Work to complete — The answer must consist only of the lines in the records below from the line with "第29届法语活动月上海开幕仪式于3月3日晚在法国驻上海总领事官邸巴赛别墅 (Villa Basset)" to the line with "2025年前三季度,公司经营", both included, copied word for word with every picture left out.

Data to examine —
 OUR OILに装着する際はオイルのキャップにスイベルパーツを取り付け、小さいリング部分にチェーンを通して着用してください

==

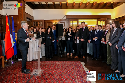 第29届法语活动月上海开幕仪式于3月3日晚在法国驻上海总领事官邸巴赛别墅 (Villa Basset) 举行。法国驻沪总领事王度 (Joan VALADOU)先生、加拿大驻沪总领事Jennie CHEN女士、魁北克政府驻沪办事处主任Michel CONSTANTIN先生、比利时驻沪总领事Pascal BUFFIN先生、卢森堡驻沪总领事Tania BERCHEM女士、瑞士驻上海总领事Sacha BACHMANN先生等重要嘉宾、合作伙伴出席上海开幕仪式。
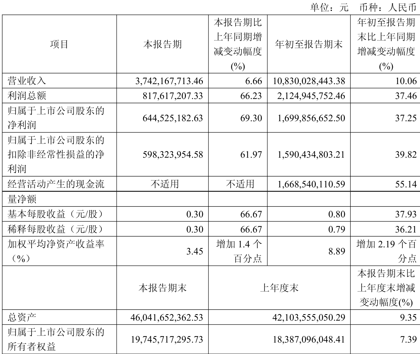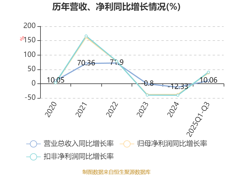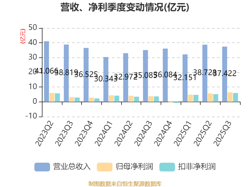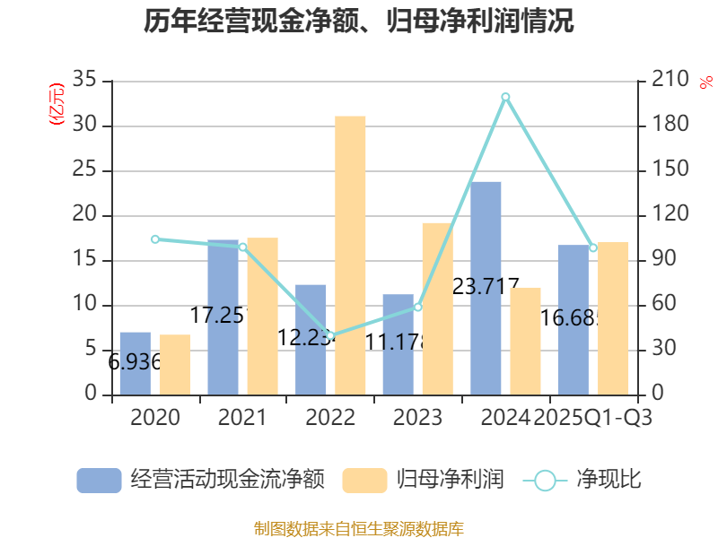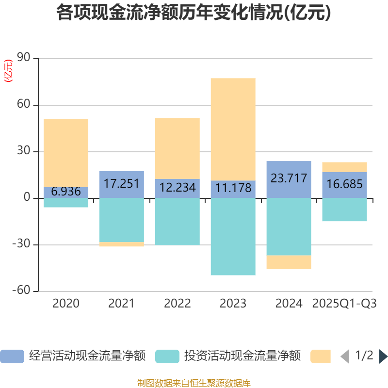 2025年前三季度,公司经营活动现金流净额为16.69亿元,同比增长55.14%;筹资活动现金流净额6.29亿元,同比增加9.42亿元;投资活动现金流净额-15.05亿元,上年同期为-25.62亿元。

Your solution —
 第29届法语活动月上海开幕仪式于3月3日晚在法国驻上海总领事官邸巴赛别墅 (Villa Basset) 举行。法国驻沪总领事王度 (Joan VALADOU)先生、加拿大驻沪总领事Jennie CHEN女士、魁北克政府驻沪办事处主任Michel CONSTANTIN先生、比利时驻沪总领事Pascal BUFFIN先生、卢森堡驻沪总领事Tania BERCHEM女士、瑞士驻上海总领事Sacha BACHMANN先生等重要嘉宾、合作伙伴出席上海开幕仪式。
 2025年前三季度,公司经营活动现金流净额为16.69亿元,同比增长55.14%;筹资活动现金流净额6.29亿元,同比增加9.42亿元;投资活动现金流净额-15.05亿元,上年同期为-25.62亿元。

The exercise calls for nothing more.